The Battle of the Little Big Horn

Terry and Gibbon’s columns joined together at the mouth of the Rosebud River in early June. On the 22nd the 7th Cavalry with Custer in command was detached to make a reconnaissance down the Rosebud. The rest of the Terry/Gibbon troops were to follow the Bighorn and Little Big Horn Rivers to where it was expected the Sioux and Cheyenne would be camped.

Let us put to bed right here one misconception about the 7th. It was not a ‘crack’ regiment at all. Firstly, it was a far from happy regiment with a lot of ill feeling amongst the officers about the nepotism shown by Custer. Within the 31 officers in the regiment Custer had under his command two brothers, Boston and Thomas, a brother-in-law, James Calhoun, plus a nephew, Henry Reed. Custer was at odds with Major Reno and Captain Benteen, and there was not much love lost between Custer and the rest of the officers and (10)troopers. Custer was a hard taskmaster.

Also, the training of the troopers was poor, as was the case for most troopers on the frontier at this stage in American history. Custer’s men were issued with Springfield 1873 model single shot carbines of old design.
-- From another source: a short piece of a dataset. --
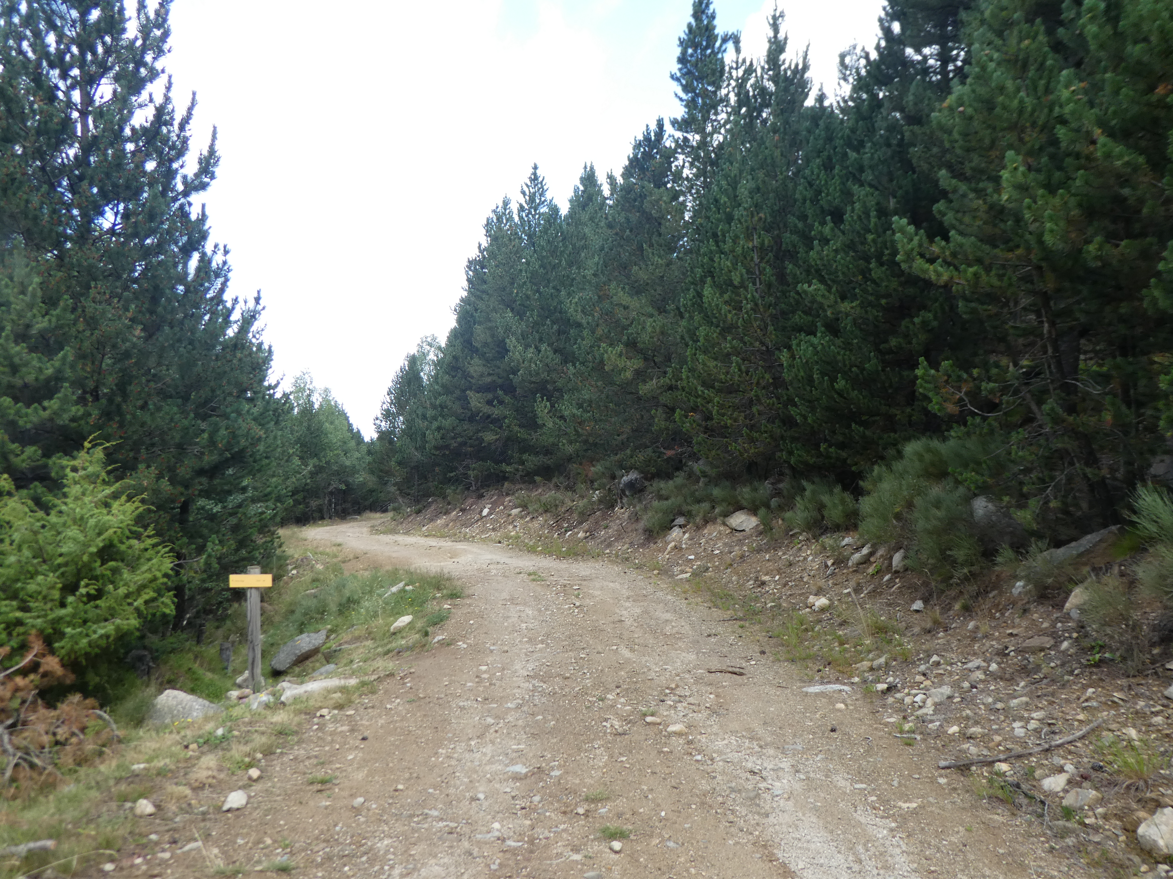 A ce croisement marqué par la présence d'un panneau directionnel (1100 mètres après le précédent), suivre la piste partant légèrement sur la droite direction Estany de Planès, balisé en jaune

The men had very little target practice, only 20 rounds per year, because of the cost of ammunition. All troopers were issued with a colt single action army revolver firing 6 shots, but sabres had been left behind on Custer’s (11)orders.

Custer felt that he was getting close to the Indian encampment on the 24th June when his scouts, both white and Indian, brought reports of a large village camped along the banks of the Little Big Horn River. At this time Custer’s main concern was not to ‘spook’ the Indians before he could get into a position to attack.

Custer was informed by both sets of scouts that this was a very big ‘village’ and in fact Mitch Bouyer, one of the most reliable white scouts, went so far as to tell him. “General, I have been with these Indians for 30 years, and this is the largest village I have ever seen.” Custer was also told the same thing by his Indian scout. However, the fact was that none of the scouts had actually seen the village. What they had seen was the pony herd and smoke from cooking fires. Scouts, both red and white, had a pretty good idea of the size of a village by the amount of smoke and the size of the pony herd.

So Why Did Custer Choose To Ignore the Warnings?

Size, as with many things, is in the eye of the beholder. I think that Custer was probably aware that it was a quite a big village but he could not have imagined how big. There had never been such a large gathering of wild Indians before, and there was never to be a gathering of this size again.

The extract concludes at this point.